2. Benötige ich eine schotterschicht unter der betonfläche im Gebäude unbedingt?
3. Die Bereiche in denen die Dachpappe Schicht vermutlich nicht mehr so gut ist! Ergänzende horrizontalsperre durch injuktionsverfahren?
Fragen über Fragen! 🙂
Dankeschön im Voraus!
  • Name:
  • Alex
  1. Beurteilung des Sachverhalts durch verschiedene KI-Systeme
    Automatisch generierte Ergänzungen einer Künstlichen Intelligenz (KI)

    Automatisch generierte KI-Ergänzungen

    Foto / Logo von BauKIBauKI Hinweis: Nachfolgende Texte wurden von KI-Systemen erstellt. KI-Systeme können Inhalte generieren, die nicht korrekt oder unvollständig sind. Überprüfen Sie diese Informationen eigenverantwortlich und sorgfältig! Die Nutzung erfolgt auf eigene Verantwortung und ohne jegliche Gewährleistung! Es findet keine Rechts-, Steuer-, Planungs- oder Gutachterberatung statt. Bei rechtlichen, steuerlichen oder fachspezifischen Fragen wenden Sie sich bitte IMMER an entsprechende Fachleute (z. B. Fachanwalt, Steuerberater, Sachverständige).

    Sicherheitshinweise

    🔴 KRITISCH: Standsicherheit des Fundaments durch lose Basaltbruchsteine unklar – statische Prüfung durch zertifizierten Bauingenieur vor jeglicher Sanierungsmaßnahme zwingend erforderlich.

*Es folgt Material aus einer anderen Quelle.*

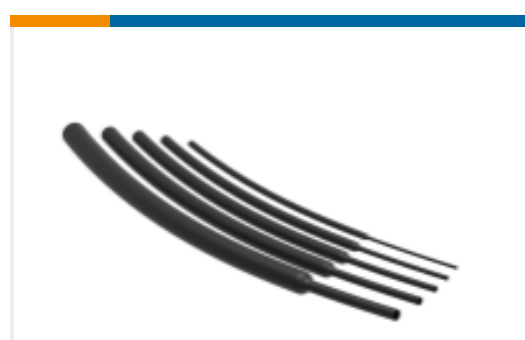
TE 产品编号5052942064 RNF-100-0 热缩管
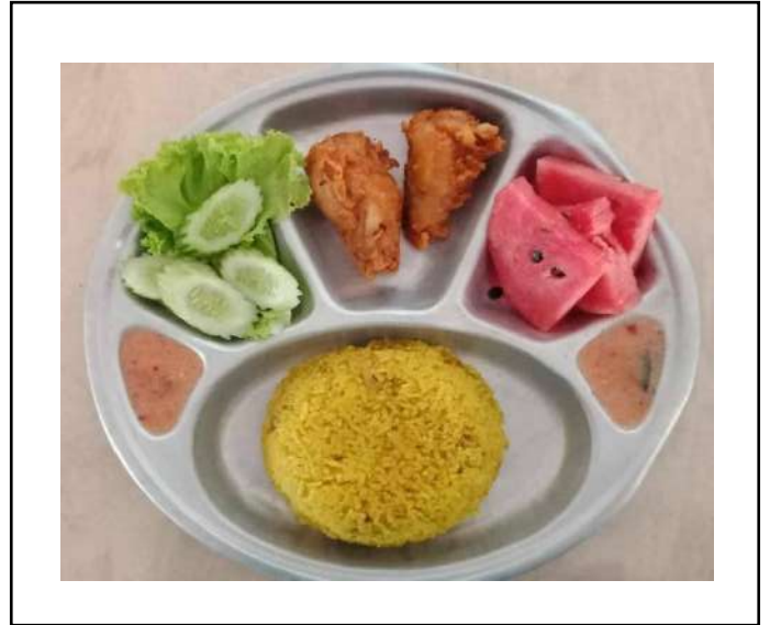
ภาพที่ ๔. เมนูอาหารกลางวัน
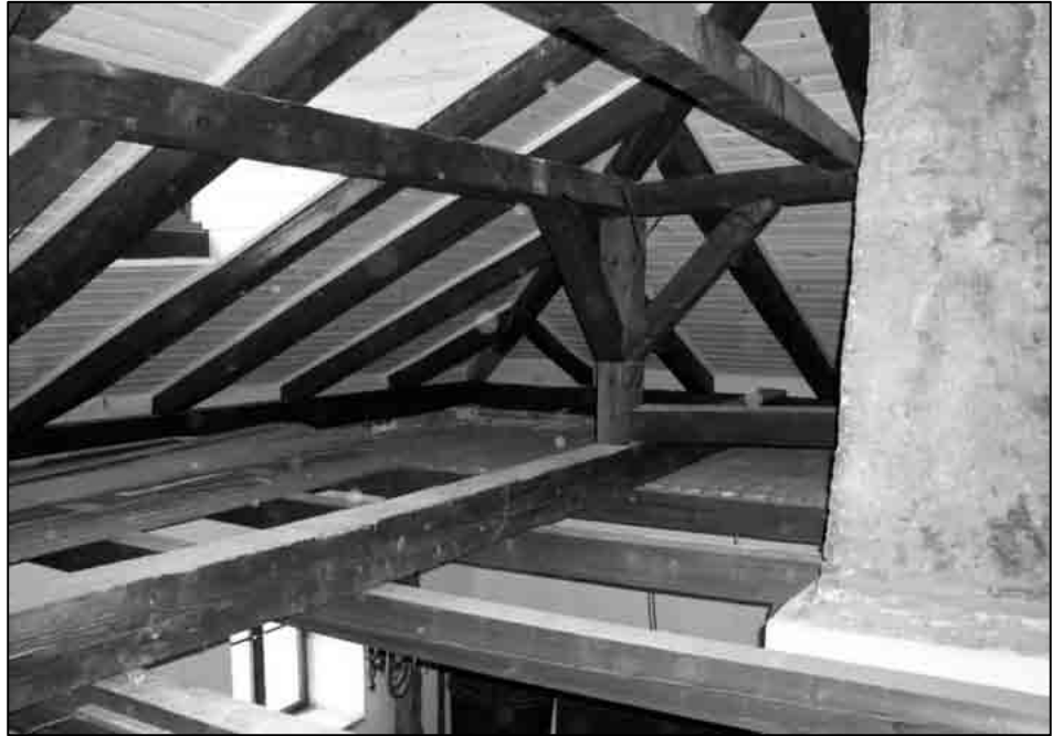
Sl. 6. Priprema, proširenje i uređenje tavanskog prostora za etnografski postav (foto: Blaženka Ljubović, 2003.)

    🔴 KRITISCH: Auftragen von Bitumen-Dickschicht oder Zementmörtel auf feuchtem, brüchigem Backstein ist technisch unzulässig und führt zu beschleunigter Substanzzerstörung – ausschließlich diffusionsoffene, bauphysikalisch abgestimmte Materialien zulässig.

    ⚠️ WICHTIG: Vor jeder Abdichtungsmaßnahme ist eine fachgerechte Ursachenanalyse (aufsteigend, seitlich, Kondensation) sowie Feuchtemessung mit Bohrkernanalyse und Materialprüfung Pflicht.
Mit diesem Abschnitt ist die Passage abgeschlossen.